● Exercise prompt:
Once the pictures are removed, restate the data below word for word.

● Given information:
———
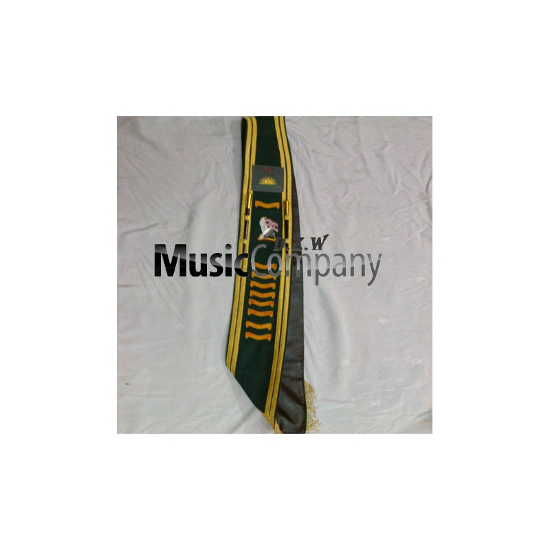 Drum majors baldric sash of the custom hand embroidery crest, badges and scrolls made in green blazer with gold braid and fringe.
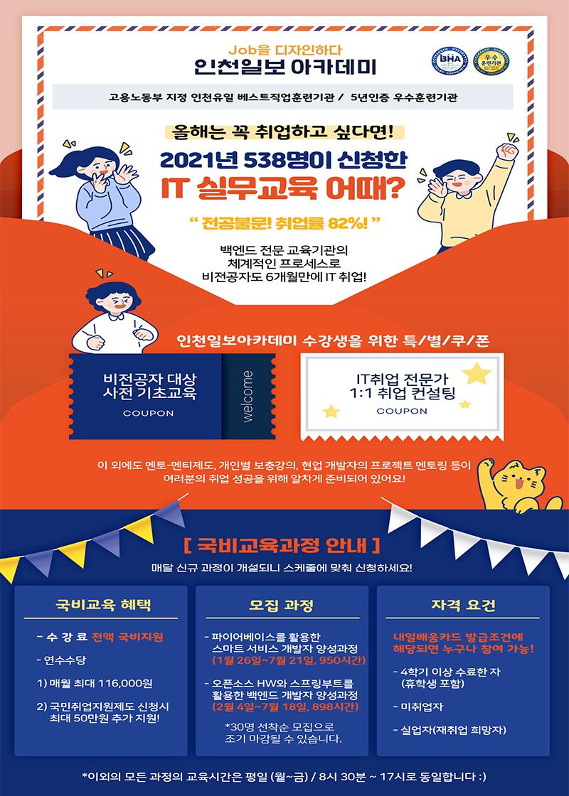 취업으로 고민하는 IT 전공자도, 비전공자도! 2022년엔 인천일보아카데미와 취뽀하세요!
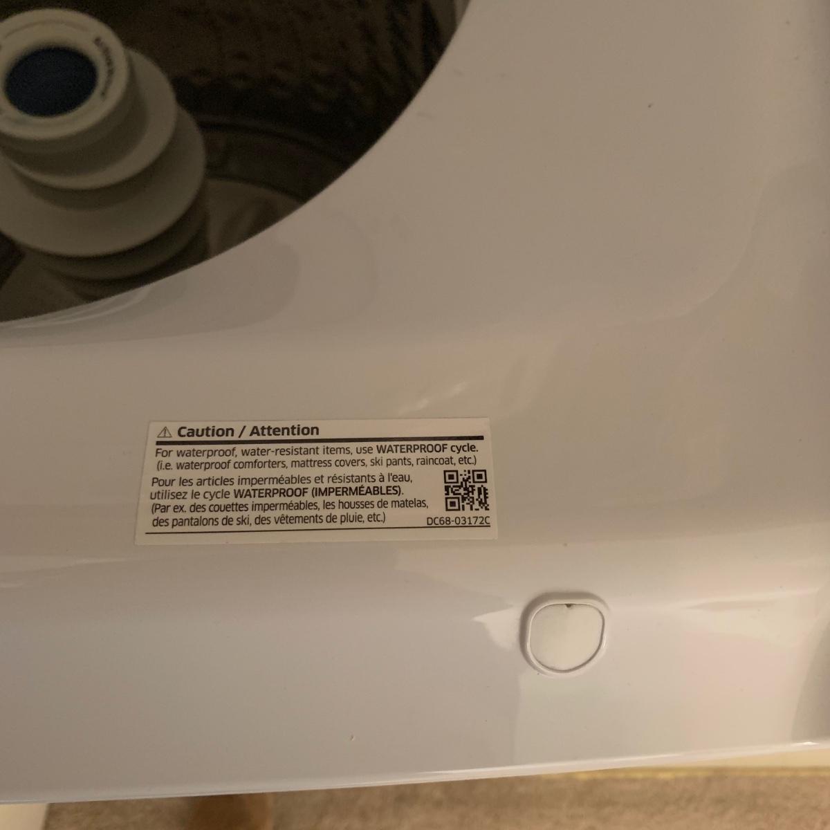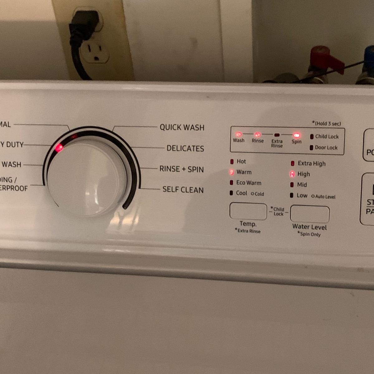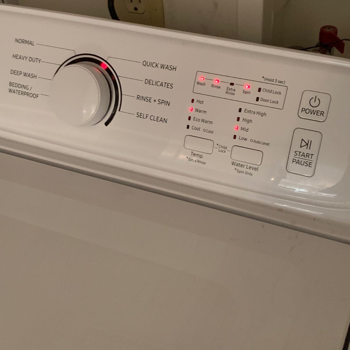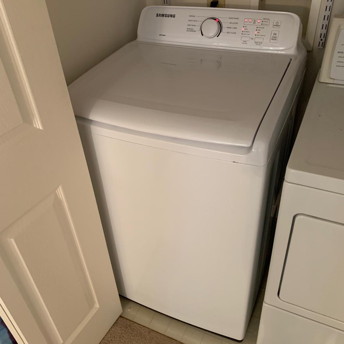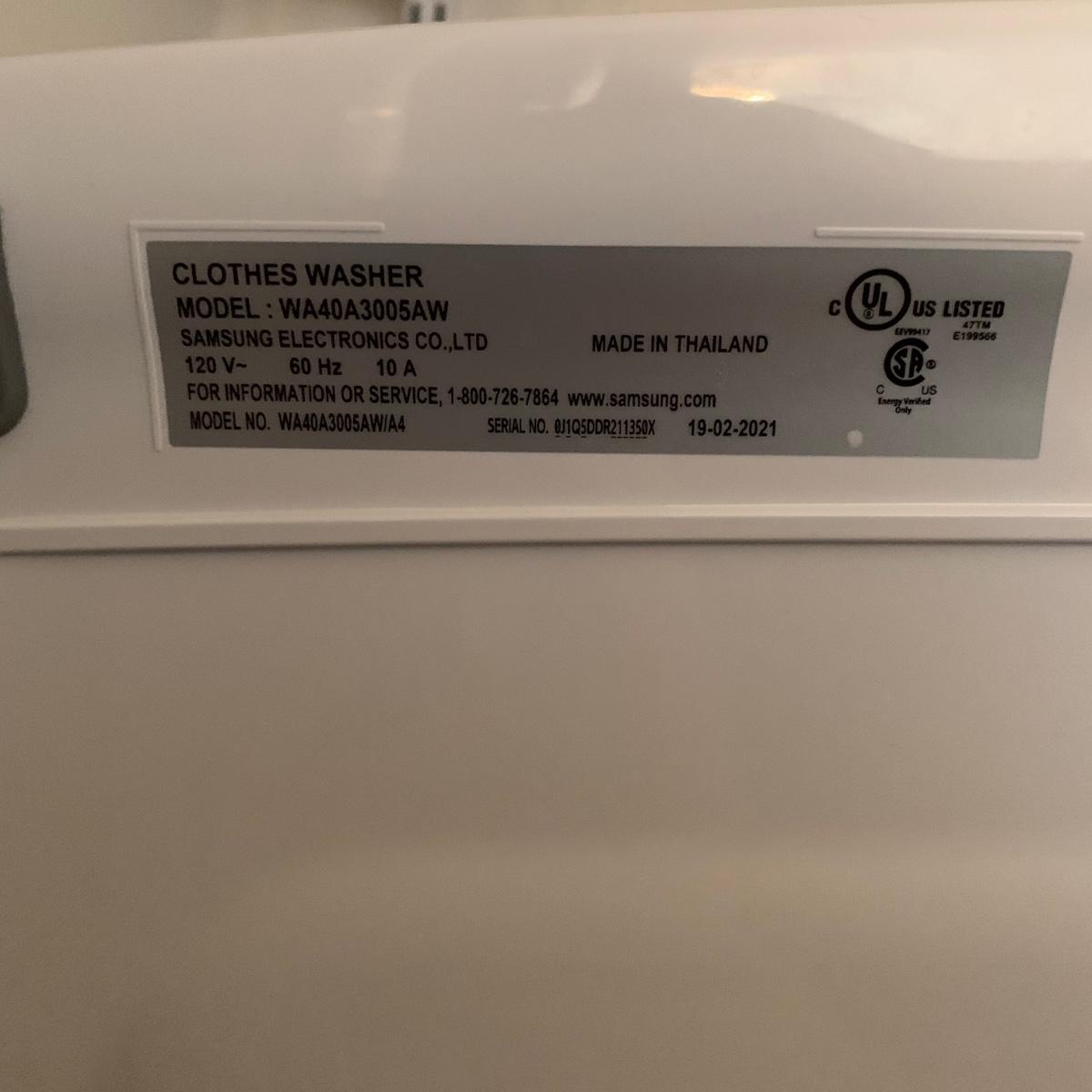 Samsung top load clothes washer. Measures 26.5” x 28” x 43”H. Washer is very clean and appears to be quite new. It powered on when power button was pushed. Please see photos for model number.
———
● Result for this exercise:
 Drum majors baldric sash of the custom hand embroidery crest, badges and scrolls made in green blazer with gold braid and fringe.
 취업으로 고민하는 IT 전공자도, 비전공자도! 2022년엔 인천일보아카데미와 취뽀하세요!
 Samsung top load clothes washer. Measures 26.5” x 28” x 43”H. Washer is very clean and appears to be quite new. It powered on when power button was pushed. Please see photos for model number.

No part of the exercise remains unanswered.